━━ DATA BLOCK ━━

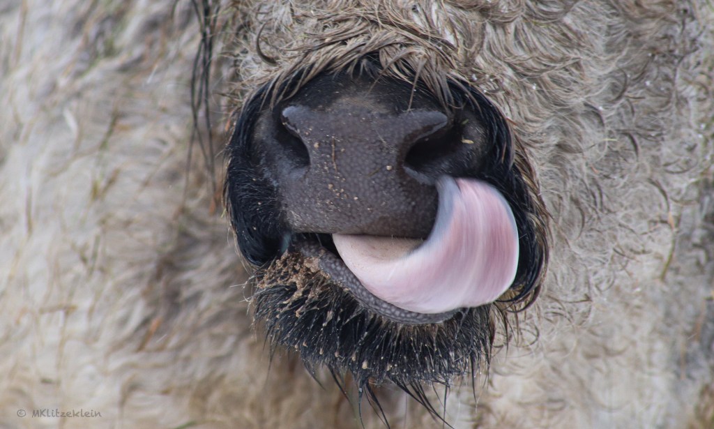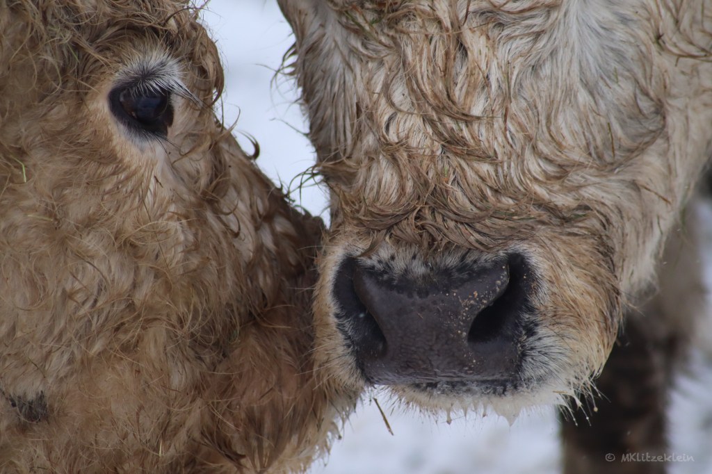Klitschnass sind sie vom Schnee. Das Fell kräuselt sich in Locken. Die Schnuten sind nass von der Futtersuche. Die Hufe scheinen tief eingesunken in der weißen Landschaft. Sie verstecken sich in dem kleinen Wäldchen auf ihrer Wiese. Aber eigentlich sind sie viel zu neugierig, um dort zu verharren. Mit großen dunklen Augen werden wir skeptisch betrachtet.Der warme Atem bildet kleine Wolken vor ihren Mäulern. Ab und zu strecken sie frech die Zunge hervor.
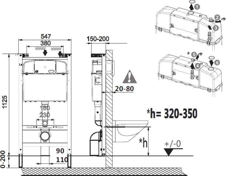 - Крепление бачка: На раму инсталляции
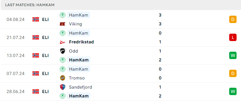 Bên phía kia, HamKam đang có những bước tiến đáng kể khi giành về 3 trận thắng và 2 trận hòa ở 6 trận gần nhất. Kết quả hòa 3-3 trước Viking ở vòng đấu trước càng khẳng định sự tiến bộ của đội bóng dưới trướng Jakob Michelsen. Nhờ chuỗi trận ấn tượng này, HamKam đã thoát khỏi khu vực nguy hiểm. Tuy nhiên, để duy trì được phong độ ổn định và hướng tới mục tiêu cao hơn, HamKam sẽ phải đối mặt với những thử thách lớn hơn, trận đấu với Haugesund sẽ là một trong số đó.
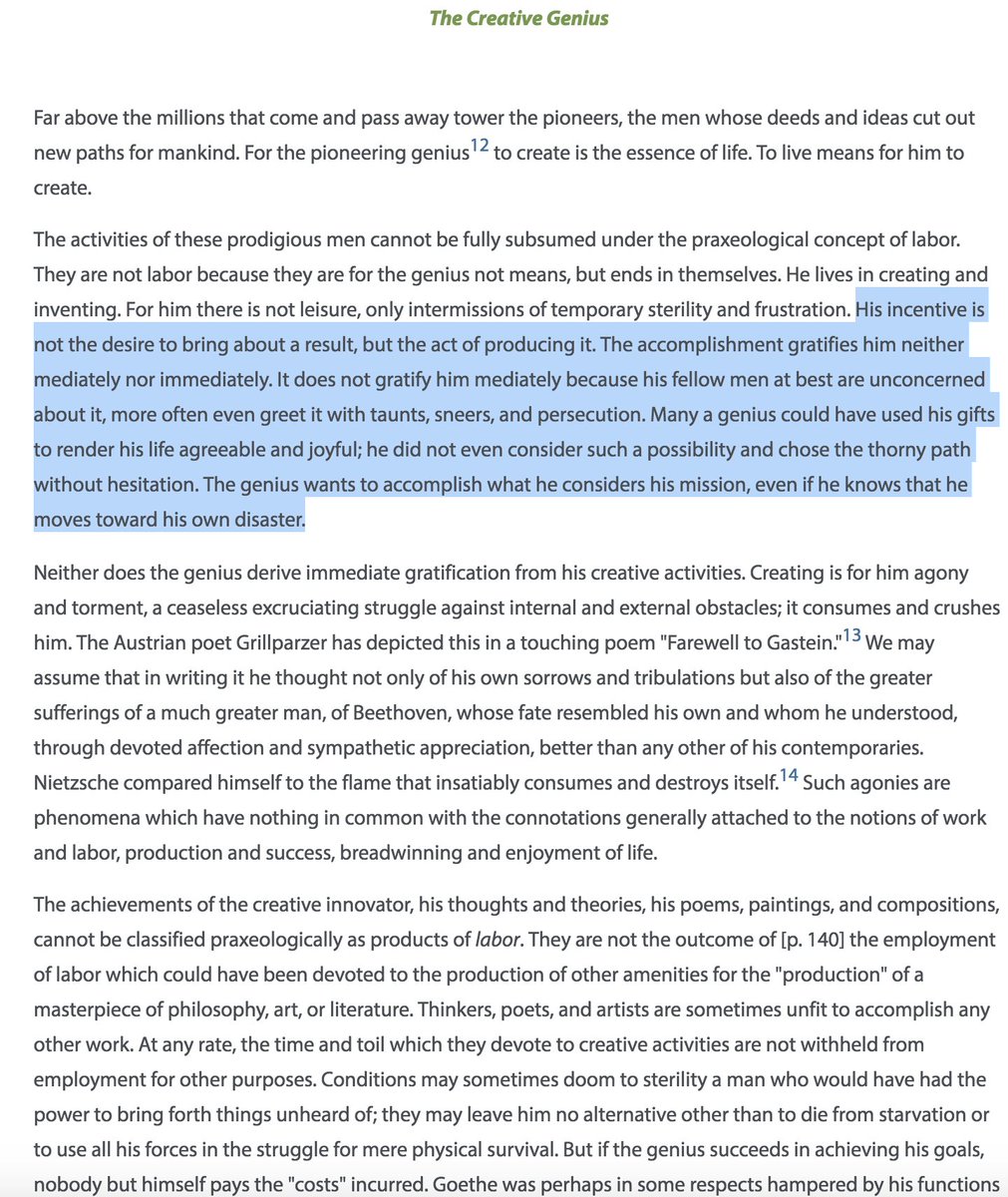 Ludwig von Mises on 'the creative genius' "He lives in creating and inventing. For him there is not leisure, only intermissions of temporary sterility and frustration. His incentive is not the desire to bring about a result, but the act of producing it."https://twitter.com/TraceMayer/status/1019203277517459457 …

━━━

EXERCISE REQUIREMENTS. Reproduce the final stretch of lines exactly: the line containing "- Крепление бачка: На раму инсталляции" through the last line of the data, both included. Pictures do not belong in the copy.

SOLUTION BELOW.
 - Крепление бачка: На раму инсталляции
 Bên phía kia, HamKam đang có những bước tiến đáng kể khi giành về 3 trận thắng và 2 trận hòa ở 6 trận gần nhất. Kết quả hòa 3-3 trước Viking ở vòng đấu trước càng khẳng định sự tiến bộ của đội bóng dưới trướng Jakob Michelsen. Nhờ chuỗi trận ấn tượng này, HamKam đã thoát khỏi khu vực nguy hiểm. Tuy nhiên, để duy trì được phong độ ổn định và hướng tới mục tiêu cao hơn, HamKam sẽ phải đối mặt với những thử thách lớn hơn, trận đấu với Haugesund sẽ là một trong số đó.
 Ludwig von Mises on 'the creative genius' "He lives in creating and inventing. For him there is not leisure, only intermissions of temporary sterility and frustration. His incentive is not the desire to bring about a result, but the act of producing it."https://twitter.com/TraceMayer/status/1019203277517459457 …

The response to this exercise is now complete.